Leiber and Stoller also gave the Drifters first dibs on "Only in America", a song originally written about racism in the United States, with references to seats on the backs of buses and schools attempting to end racial segregation. The lyrics were heavily re-written to appease record label concerns about releasing a song with overt political views, and the Drifters recorded it, but ultimately decided not to allow the song to be released out of disappointment at its original message being altered. (Leiber and Stoller passed "Only in America" along to another group they were producing, Jay and the Americans, who had a hit with it, taking it to number 25.)

With this golden age lasting two years, personnel changes followed. Lover Patterson (the Drifters' road manager) got into an argument with George Treadwell. Since Patterson had King under contract, he refused to let him tour with the group. King was only able to record with the group for about a year. Johnny Lee Williams, who sang lead on "(If You Cry) True Love, True Love", the B-side of "Dance with Me", handled the vocals on tour along with Charlie Thomas. When the group passed through Williams's hometown of Mobile, Alabama, Williams left the group. Williams died on December 19, 2004, at the age of 64.

When King asked Treadwell for a raise and a share of royalties, a request that was not honored, he left and began a successful solo career. Williams left at the same time, and a new lead, Rudy Lewis (of The Clara Ward Singers), was hired. Lewis led the Drifters on hits such as "Some Kind of Wonderful", "Please Stay", "Up on the Roof" (which reached number five on the U.S. pop singles chart and number four on the U.S. R&B singles chart in 1963), and "On Broadway" (which reached number 9 on the U.S. pop singles chart and number seven on the U.S. R&B singles chart in 1963). Lewis was also named in the Rock and Roll Hall of Fame Drifters induction. Ben E. King died on April 30, 2015, at the age of 76.

Hobbs was drafted for military service and replaced by the returning Tommy Evans (from the first group). Green left in 1962 and was replaced by Eugene Pearson (of The Rivileers and the Cleftones). Evans left again in 1963 and was replaced by Johnny Terry, who had been an original member of James Brown's singing group the Famous Flames (and was co-writer of their first hit, "Please, Please, Please"). After his military service and a failed solo career, Johnny Moore returned in 1964, making the group a quintet of Moore, Thomas, Lewis, Pearson, and Terry.

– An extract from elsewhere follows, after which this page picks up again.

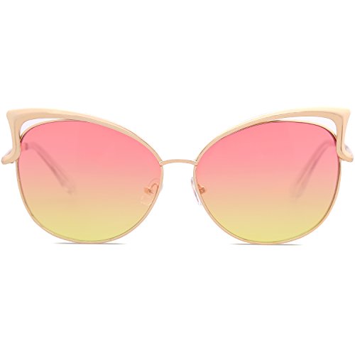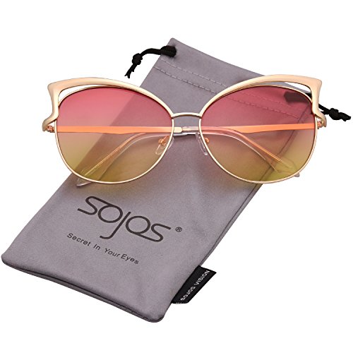 SojoS Fashion Cat Eye Style Metal Frame Women Sunglasses Lady Glasses SJ3163 With Gold Frame/Pink and Yellow Lens
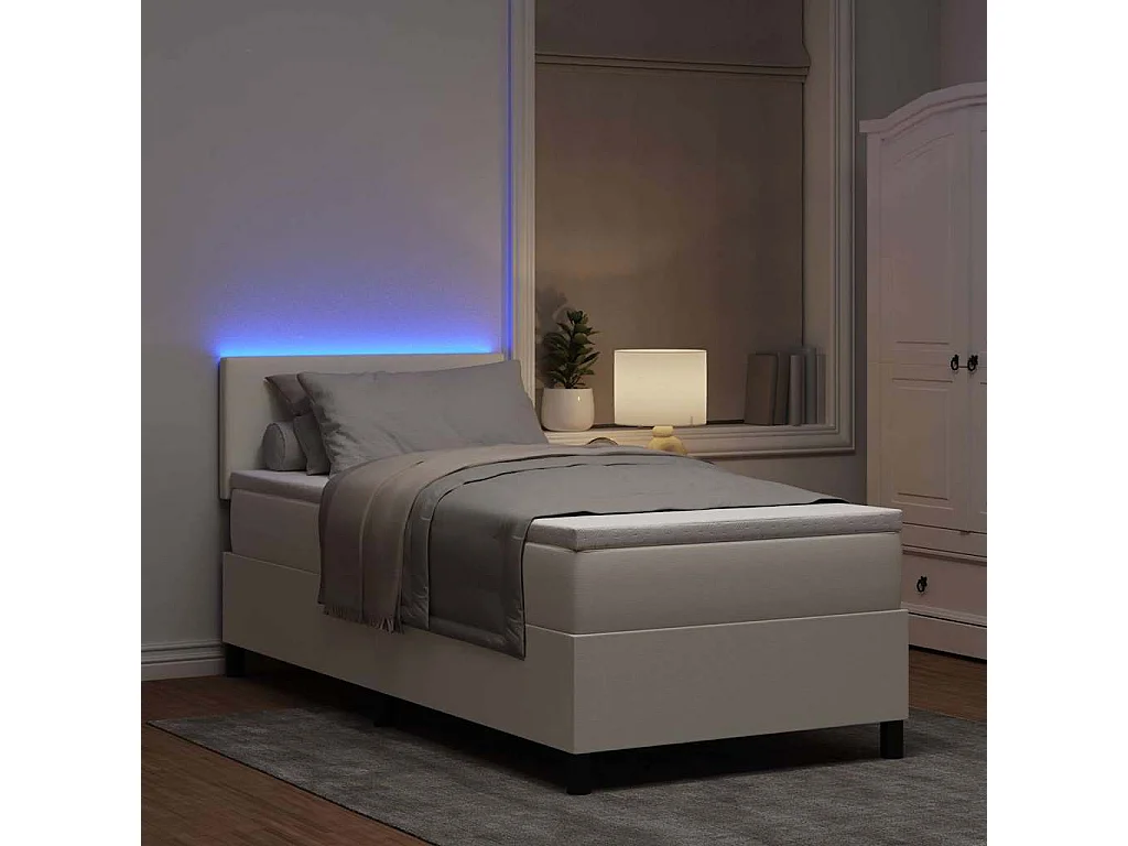 LED Box Spring Bed Crème en Wit 100 x 200 cm Katoen Stof

Later that year, the group was scheduled to record "Under the Boardwalk" on May 21, but Rudy Lewis died on the night before the session, and Johnny Moore took over as the sole lead (Lewis and he had been alternating). "Under the Boardwalk" was a top 10 hit in the US, but the pace of the Drifters' chart career slowed after this, with "Saturday Night At The Movies" being the group's last US top 40 hit in 1964. The Drifters released several minor hits between 1964 and 1967 that made the US top 100, but didn't break through beyond that. By mid-1968, their singles were not charting at all, anywhere—and they would never have any kind of pop hit in the US again.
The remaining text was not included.